→ **Task inputs**:
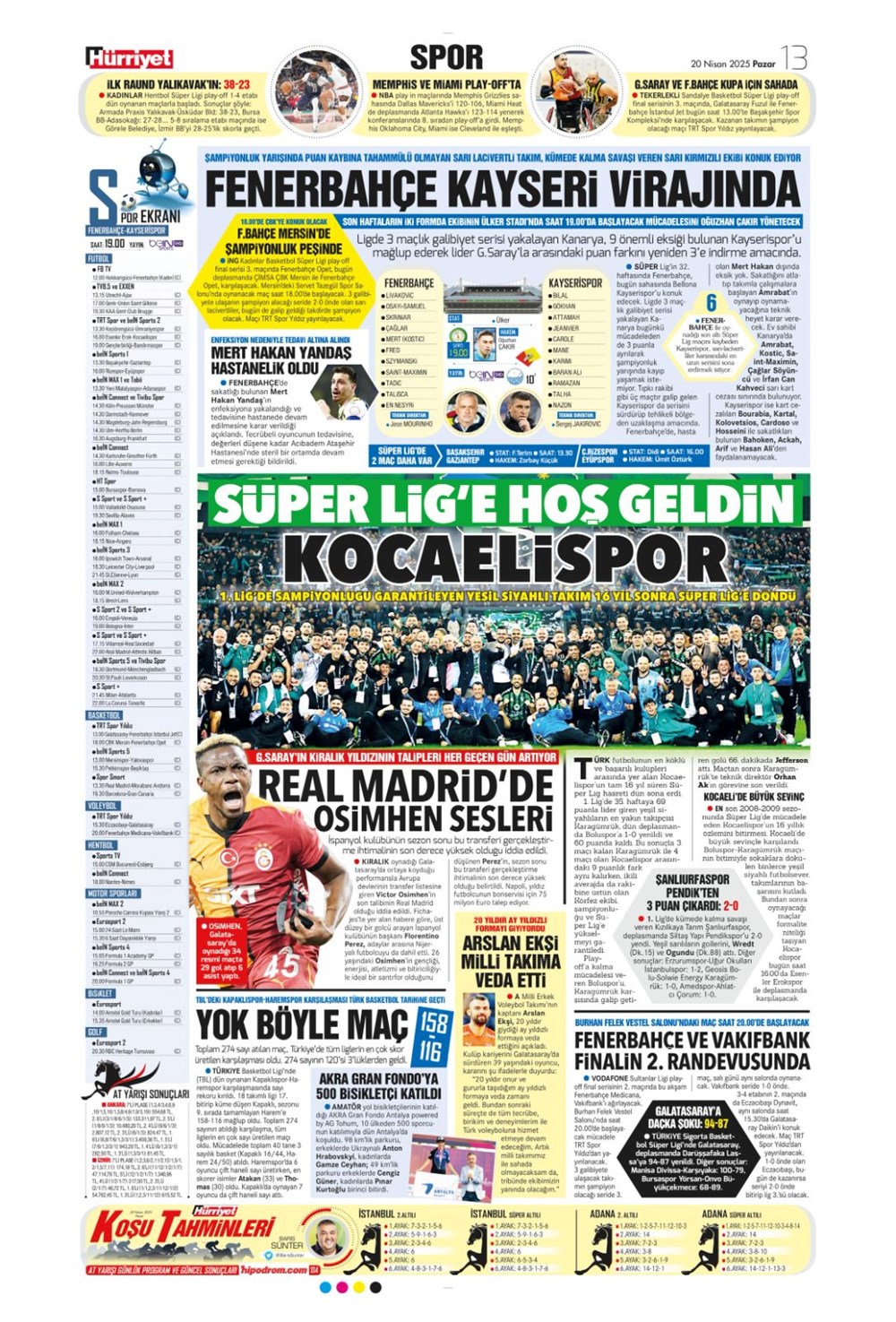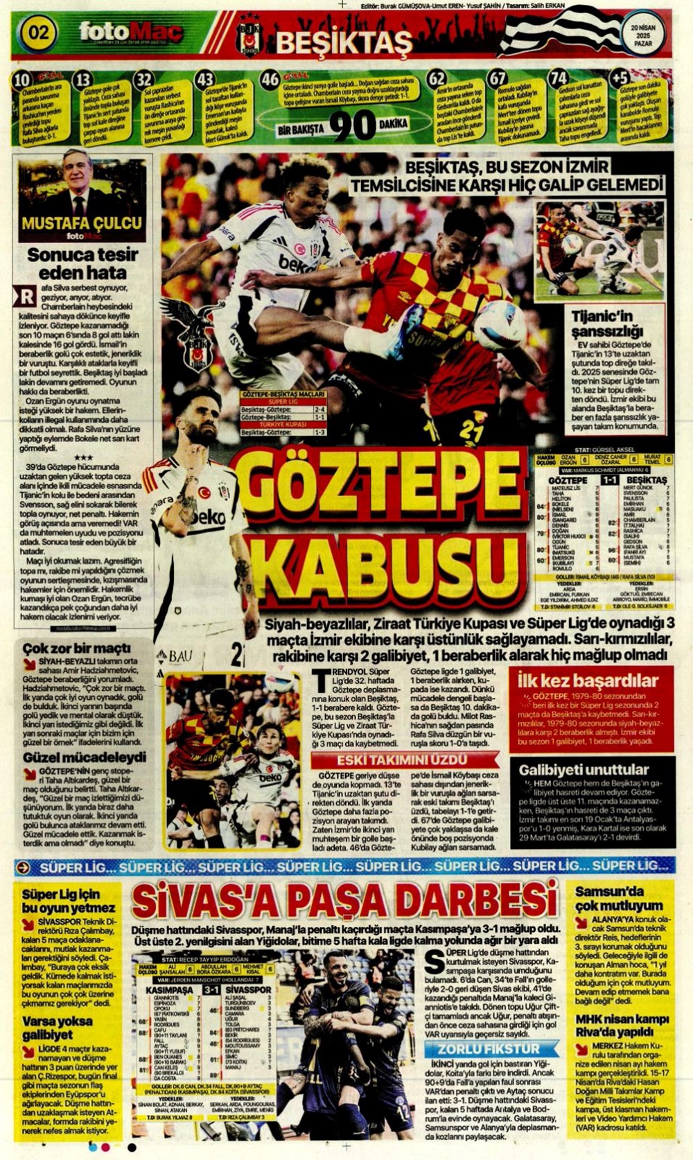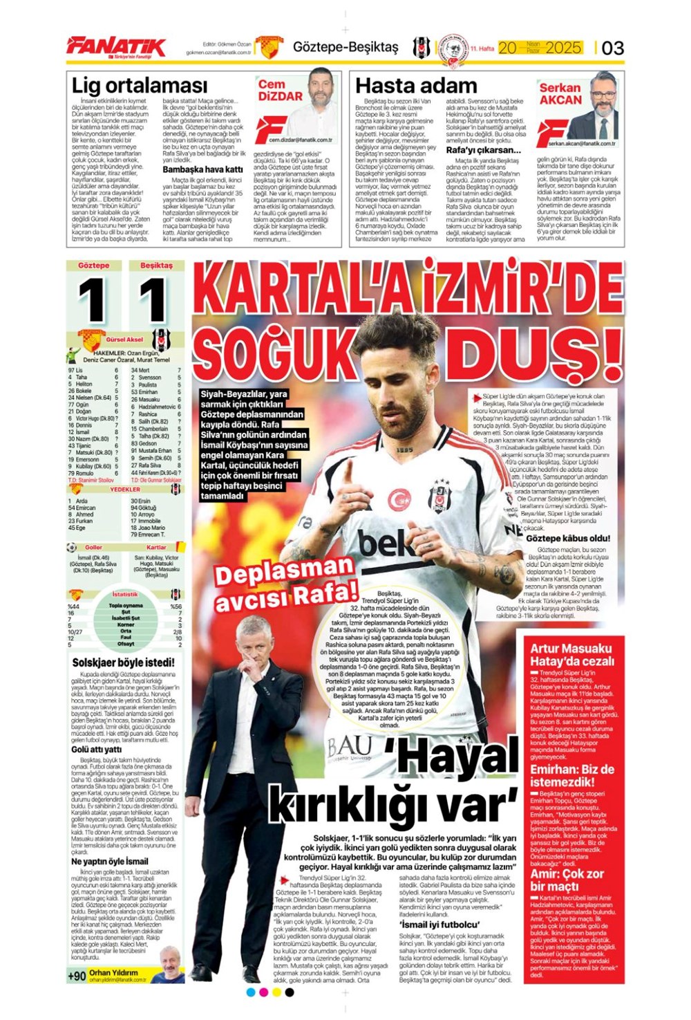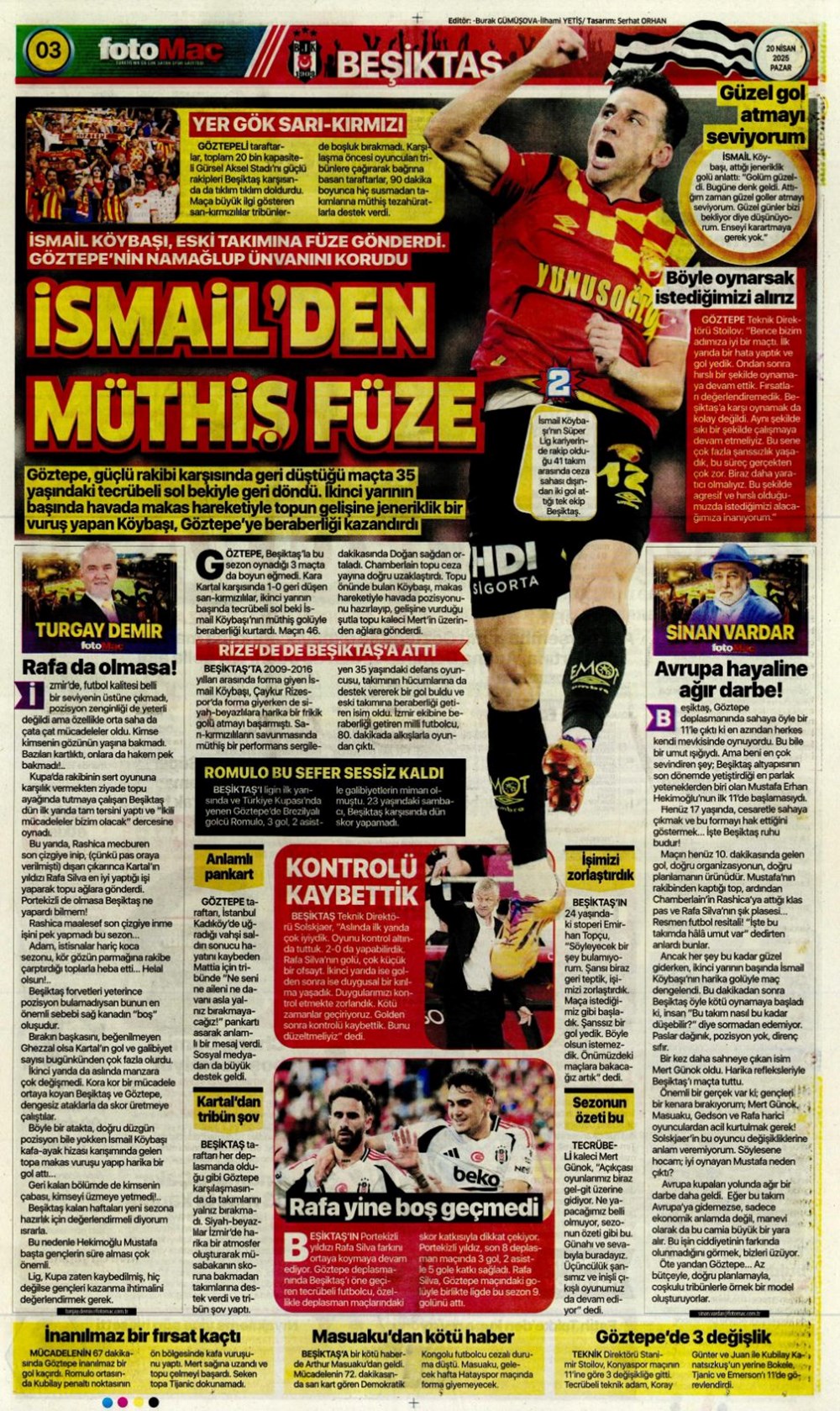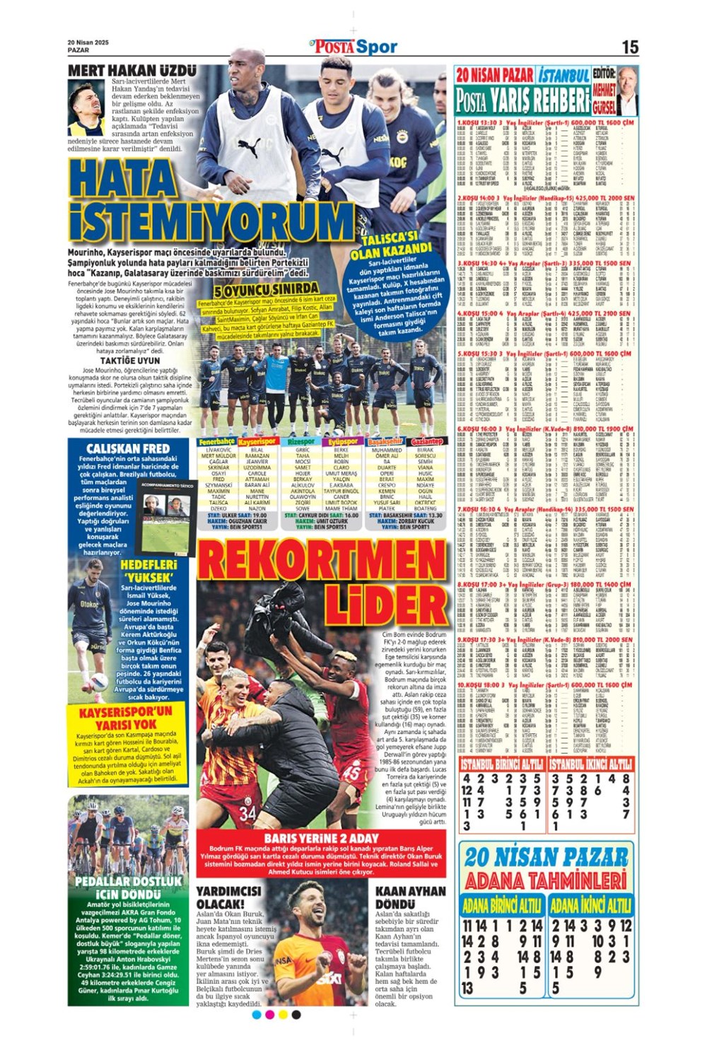 “Kartal’a İzmir’de soğuk duş” (20 Nisan 2025 spor manşetleri)Günün spor manşetlerinde, spor gündemiyle alakalı en yeni gelişmeler ve transfer haberleri belli oldu. 20 Nisan 2025 tarihli gazetelerin spor sayfalarına, Beşiktaş, Fenerbahçe, Galatasaray ve Trabzonspor’un haberlerine, 1 dakikada göz atın.
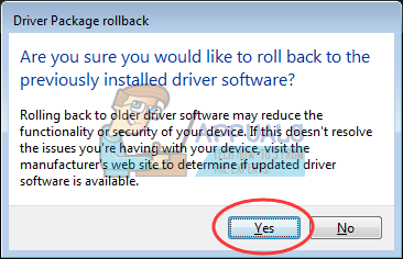 - If the confirmation dialog comes up, click Yes to confirm the rollback. After this process is done, restart your computer to fully effect the changes.
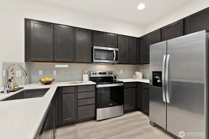 Welcome to The Parc – a sought-after South Everett community, just minutes from Mill Creek. This 2021 built home is better than new with fresh interior paint, new carpets, all kitchen appliances, washer / dryer and blinds! The thoughtfully designed floor plan offers 3 bedrooms, 2.75 baths and a spacious 2-car tandem garage with additional storage space. Enjoy modern finishes throughout, including quartz kitchen counters, sleek laminate flooring and efficient ductless mini-split system for year-round comfort. The main living area features open concept living at its best with a flexible living and dining space that opens to kitchen, perfect for everyday living and entertaining. Kitchen offers breakfast bar, ample storage space and large pantry! Rounding out the main living level is a bedroom + full bath, ideal for guests, office or flexible living. Upper level features a generous primary suite, overlooking peaceful green space, and offers two closet spaces + attached ensuite with dual vanities. Down hall is additional bedroom, full bath and laundry closet. This private community is tucked away, yet close to everything! Conveniently located near freeway access, shopping, dining, parks and medical services. Community trail connects directly to McCollum Park! Low HOA dues add to the appeal of this attached single-family-style townhome. This is the one you have been waiting for!
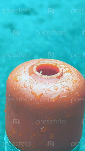 Капли воды на оранжевом конусе. Закругленная вершина дорожного конуса изготовлена из оранжевого пластика с отверстием посередине. Он показывает капли воды после дождя
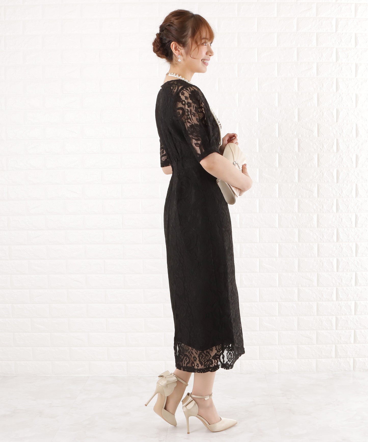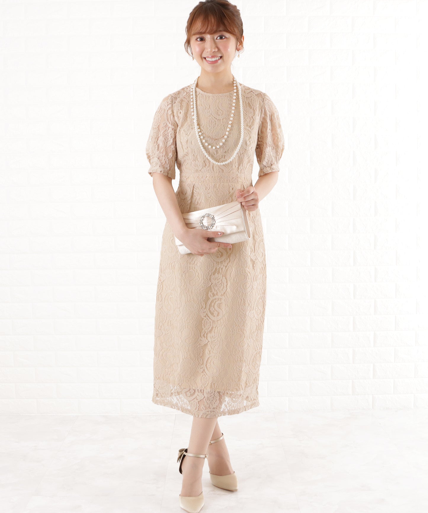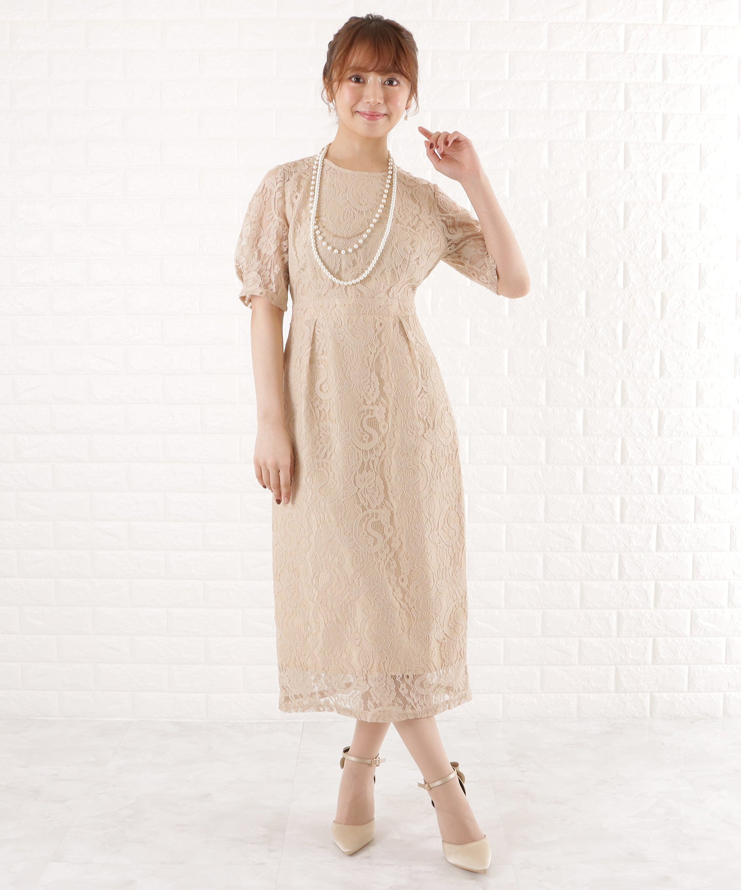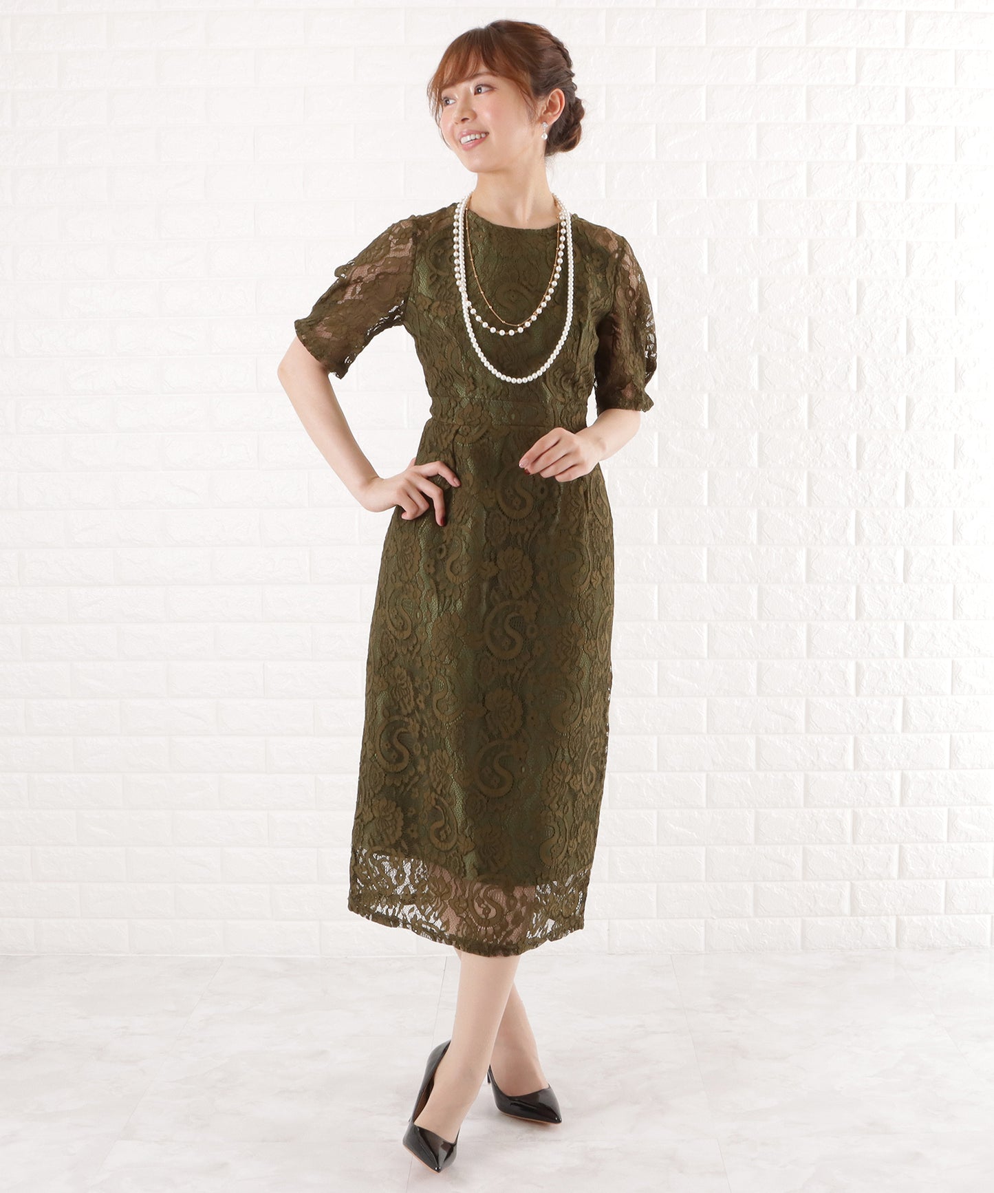 ペイズリー×花柄の上品な総レースワンピースドレス。 ※アクセサリー類は含まれません |
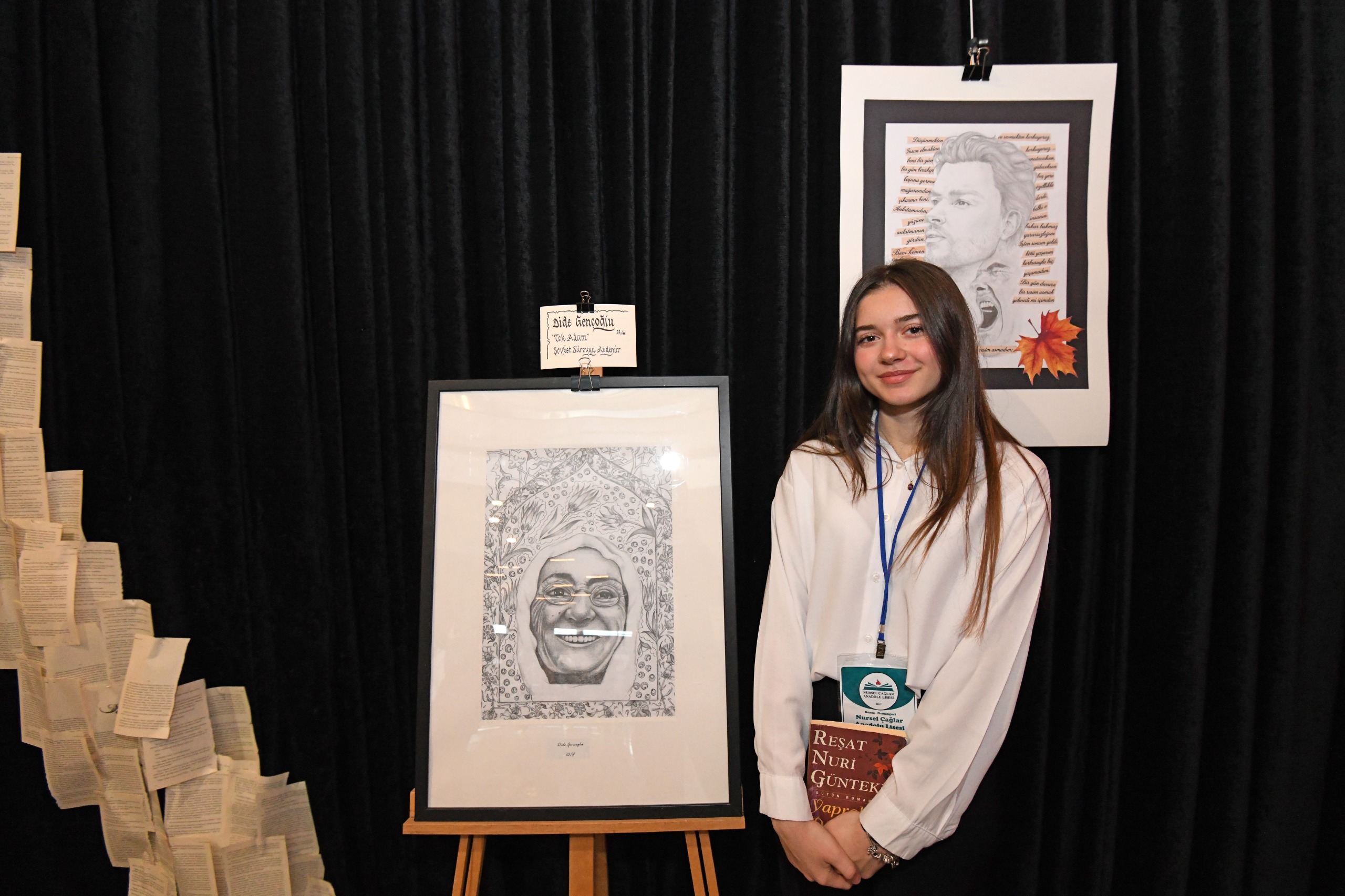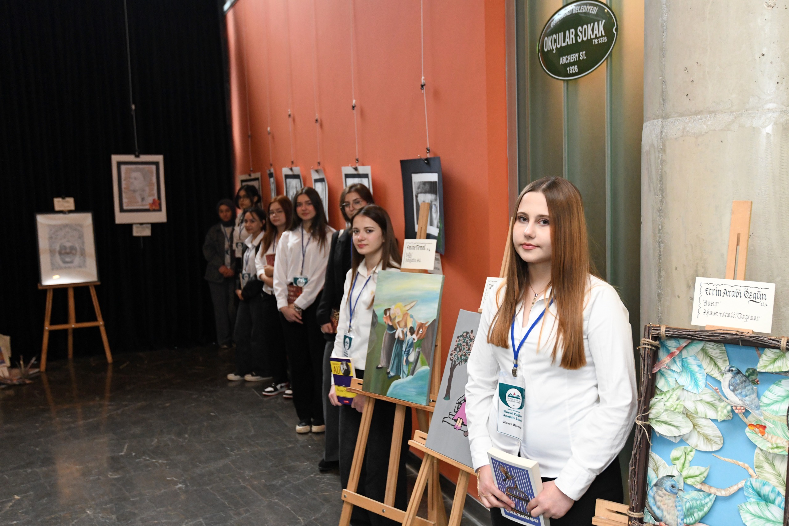 Bursa İl Milli Eğitim Müdürlüğü AR-GE Birimi’nin hazırladığı ve Türkçe ile dil eğitiminde iyi örnek olarak sunulacak çalışma, bu yıl için bir sergiye dönüştürüldü. Nursel Çağlar Anadolu Lisesi öğrencileri, okudukları eserlerden etkilenerek kahramanları, mekanları ve dikkatlerini çeken sözleri resimlerine yansıttı. Öğrencilerin tamamen kendi seçimleriyle şekillenen eserler, edebiyatın derinliğini görsel sanatlarla buluştururken; Bursa’ya özgü geleneksel sanat ve zanaat unsurlarıyla zenginleştirildi.

→ **Task prompt**:
Exactly as written, repeat the lines from the beginning of the entries up to and including the line with "- If the confirmation", but not the pictures.

→ **Answer area**:
 “Kartal’a İzmir’de soğuk duş” (20 Nisan 2025 spor manşetleri)Günün spor manşetlerinde, spor gündemiyle alakalı en yeni gelişmeler ve transfer haberleri belli oldu. 20 Nisan 2025 tarihli gazetelerin spor sayfalarına, Beşiktaş, Fenerbahçe, Galatasaray ve Trabzonspor’un haberlerine, 1 dakikada göz atın.
 - If the confirmation dialog comes up, click Yes to confirm the rollback. After this process is done, restart your computer to fully effect the changes.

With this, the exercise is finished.